What makes a “doer” i.e. someone who gets stuff done? The kind of person you want on your team every time. The kind of person whose team you want to be on.
Fitness, sleep, energy. Pace, delivery, cycle time. Decision making, leadership, success. Fitness, sleep, energy. Pace, delivery, cycle time……
I’ve been thinking about these words and what sequence they fall in, if they are to make a virtuous circle.
And entrepreneurialism and passion, but I’ll save those for another day.
So what makes a “doer”, a leader who gets stuff done?
One can be high energy, decide quickly and deliver nothing. You can work fast and get no output that affects an internal or external customer. You can lead by listening intently, but ultimately you demonstrate deaf ears if you get nothing done as a result of listening.
There’s no right answer but here’s a way to think about it:
Fitness: exercise your body ever few days to stimulate the right chemicals round your brain, to give you stamina, to just switch off. Exercise works, even if it’s walking meeting or two, rather than sitting down all day.
Sleep: Working late can thin your sleep. Early alarms can thin your sleep. Everyone has their own rhythms that work for them. Doing both can start to show. Would you follow a knackered leader?
Energy: So if you work 60 or 70 hours a week then which part of your week are you going to take back and use for fitness, for sleep and for yourself and your family? Notice how leaders have many interests. Leaders do put family first without guilt. Width, depth. In and out of work. Curiosity needs exercising. Your time is yours to decide on – have you noticed?
So if I have fitness, sleep and energy, I’m at base camp as a leader.
Pace can be a subjective thing. Tortoise or hare – which is your style? Do you plan slowly and move quickly, or skip planning and move about a lot, to see where you get? Or assess, build what’s needed and act when all is in place? Do you have sufficient impatience, high and even unreasonable expectations of people and what’s possible? But nothing you wouldn’t do yourself.
Delivery. Easily confused. Easy to test. Who’s your external customer, who’s your internal customer. Did something affect the external customer yet? How much? Of what value to them? Delivery only counts if it gets through to them.
Cycle time. From the moment you started, how long did it take to affect the external customer? Did they know you were doing it for them?
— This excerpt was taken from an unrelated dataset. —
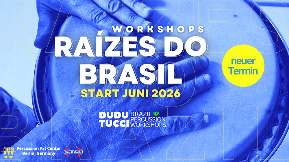 | FORTBILDUNGSPROJEKT 22 (2026-2028) Raízes do Brasil Fortbildung in afrobrasilianischer Percussion mit Dudu Tucci Startmodul: 04.06. – 07.06.2026 Alle, die die Fortbildung schon mal durchlaufen haben und ihre Kenntnisse mit aktuellen Techniken und Informationen wieder auffrischen möchten, können gerne auch einzelne Module der Fortbildung buchen. Die Fortbildung findet im PAC NORD Berlin statt von Donnerstag bis Sonntag. |

So if I have pace, delivery that customers feel and short cycle times then I’m in the zone.
Decision making. At a personal or a business level. Is it true that any decision is better than no decision?
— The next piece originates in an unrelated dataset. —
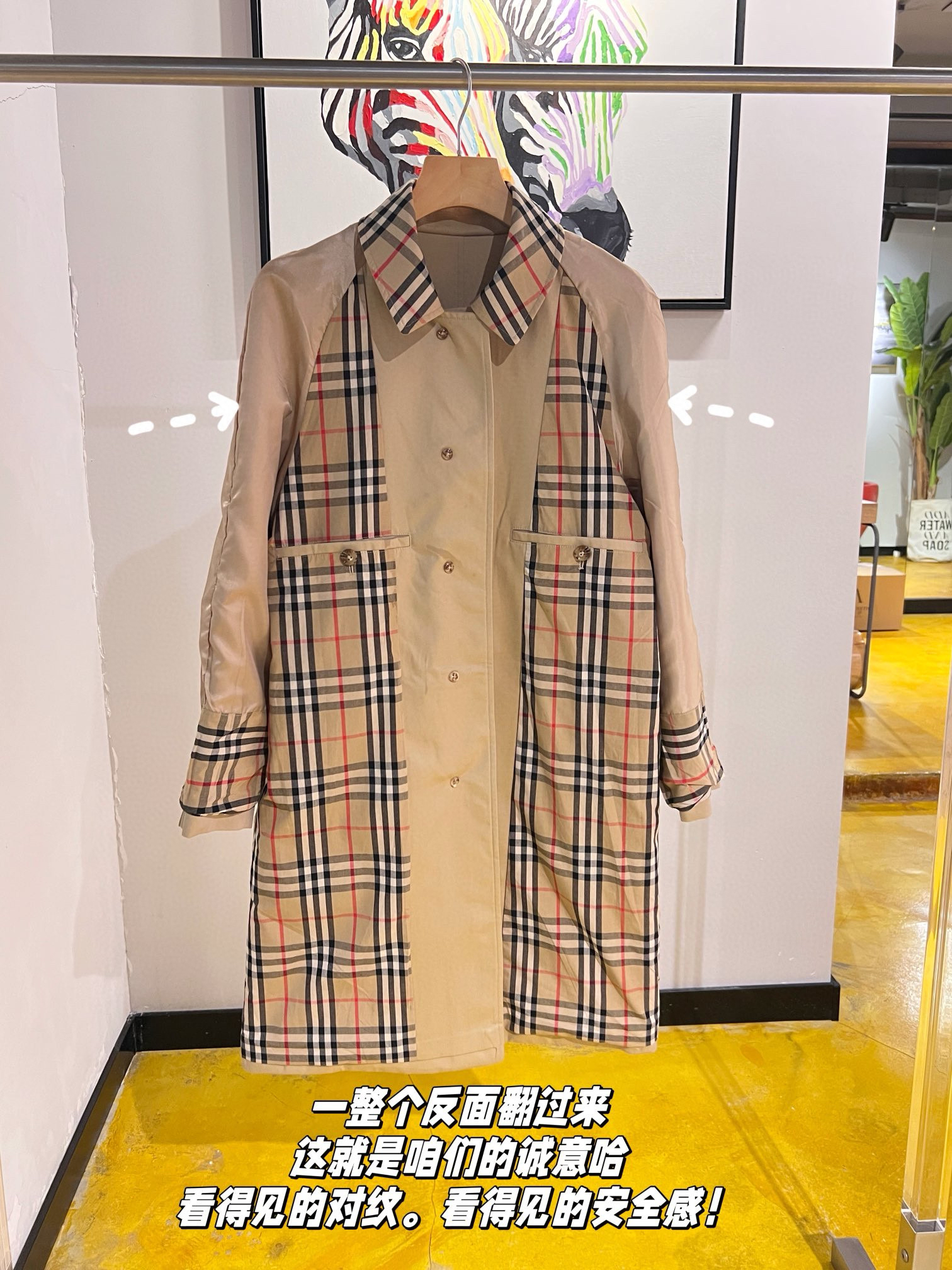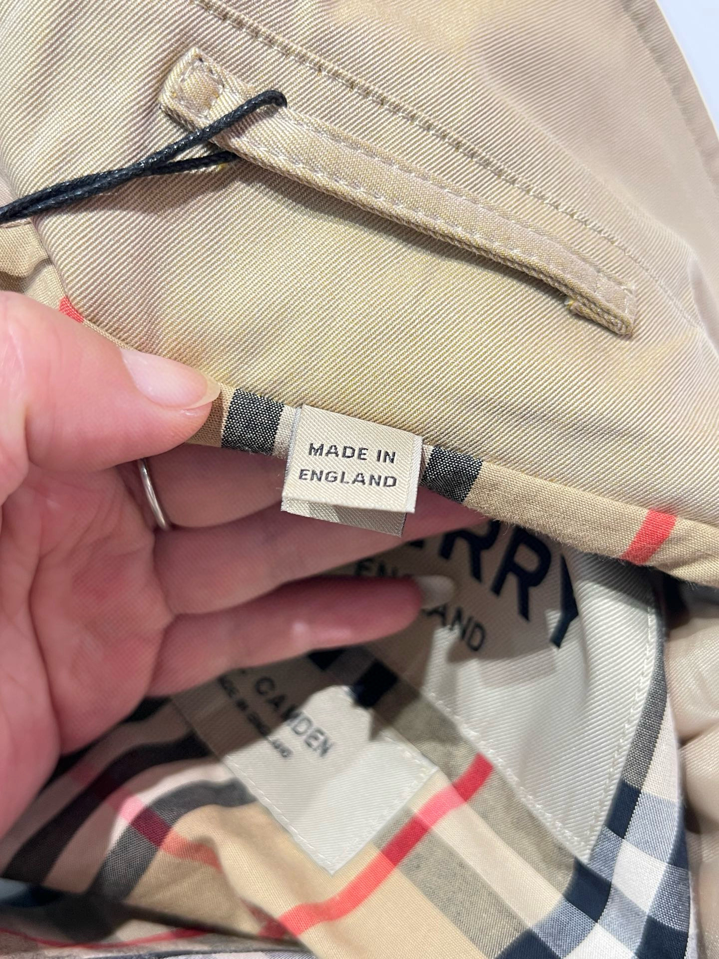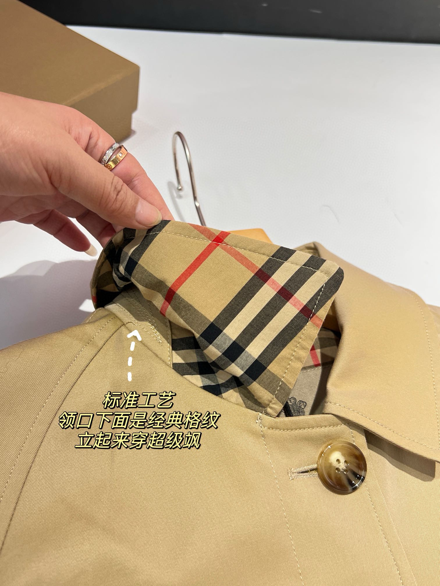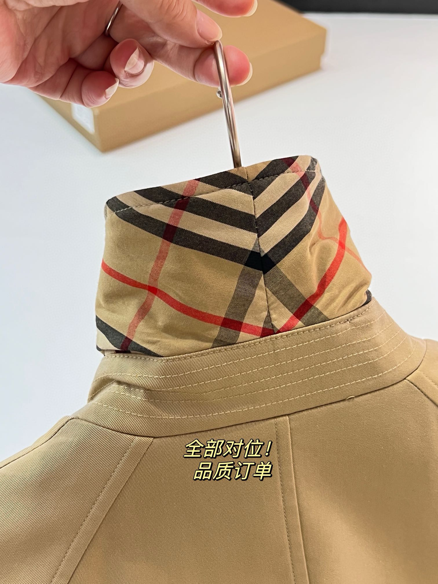 整个大身内里全部都是经典格纹内衬,这款风衣是两侧内口袋哈,口袋位置、后开叉结构位置,拼接合缝位置统统都是手工对纹,品相无敌。

Many people could do worse than decide poorly. Many businesses have armies of people not making decisions in PowerPoint and Excel factories. At least getting stuff wrong quickly leads to learning. So if stuck, decide what to test quickly, small scale, low risk but make progress and move towards bigger decisions. Fast.
Many businesses are happy to examine and change processes. But designing high speed decisions in complex businesses is a science many have not discovered. They go undesigned. But it’s a high impact area. Think about it. Leave your processes to people who do the work. Solve the decision problems for them.
Leadership – well, if you’ve got all the other words cracked, surely you’ve cracked it? Anything else? Hmmm…..another time, another story.
Success – surely it follows good leadership. Success removes pressure, gives you choices. Time and energy are easier to change. Virtuous circle restarts.
So 9 words to think about in this blog. So where does my title come in “Actions speak louder than ears”?
If there’s one thing I see in smart leaders it is their ability to hold attention, even spread awe, with their acute listening. Few words used, but those words represent what people have said and not just what that leader thought before they heard those words. And because they really listened they find it hard not to act. Whereas many leaders listen through their own mental model, filtering out anything that doesn’t agree with their point of view. People can sense it, hear it. People experience lack of action. By definition, people have to experience action from “doers”.